Officers in many other businesses act equally irresponsibly, whether they’re sending dangerous products to market or stealing money from investors.American businesses are assaulting American citizens, and one tool that our legal system can use to try to deter auto companies, businesses of all types, and individuals from acting maliciously is punitive damages. Punitive damages are punishments imposed on people who intentionally bring harm to others through actions that are illegal, immoral, and unethical.

The concept of punitive damages is the same for a corporation as it is for a child. The purpose is to prevent the child or the corporation for doing the same thing again. Children sometimes get the message when their parents  take away their cell phones or don’t let the child go to a concert. Ford Motor Company has never gotten the message. If it had, Benetta Buell-Wilson might not be leading her life as a paraplegic.

When Mrs. Buell-Wilson swerved to avoid an object which had fallen off a truck in front of her on Interstate 8 near Alpine, California, her Ford Explorer fishtailed and then flipped, rolling four and a half times and coming to rest on its collapsed roof. The horrific crash left Mrs. Wilson near death. She survived, but she is a parapapegic. She has no sensation from the waist down, and extreme pain from the waist up. Her quality of life is terrible, and Ford is to blame.

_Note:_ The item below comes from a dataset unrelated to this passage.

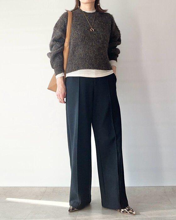 また、「ブラッシュドジャージーワイドパンツ」が着こなしに上品さをプラスしてくれるので、シンプルなニットを合わせてもカジュアルになりすぎず、洗練された大人の女性にぴったりのスタイリングが完成します。

At trial, a jury awarded Mrs. Wilson and her husband a total of $369 million. Of that total, $246 million was punitive damages, which means that it was a punishment to Ford for choosing to sell the Explorer when Ford officials knew that the design was defective and that accidents such as Mrs. Buell-Wilson’s were certain to happen.

A judge subsequently reduced the settlement to $150 million, but neither $369 million or $150 million can restore Mrs. Wilson’s quality of life, and she would gladly trade the money to be able to walk again.

The Explorer’s design made it prone to rollovers, and the SUV has also harmed passengers because of defective tires and valve stems, as well as glass that wasn’t strong enough to protect passengers.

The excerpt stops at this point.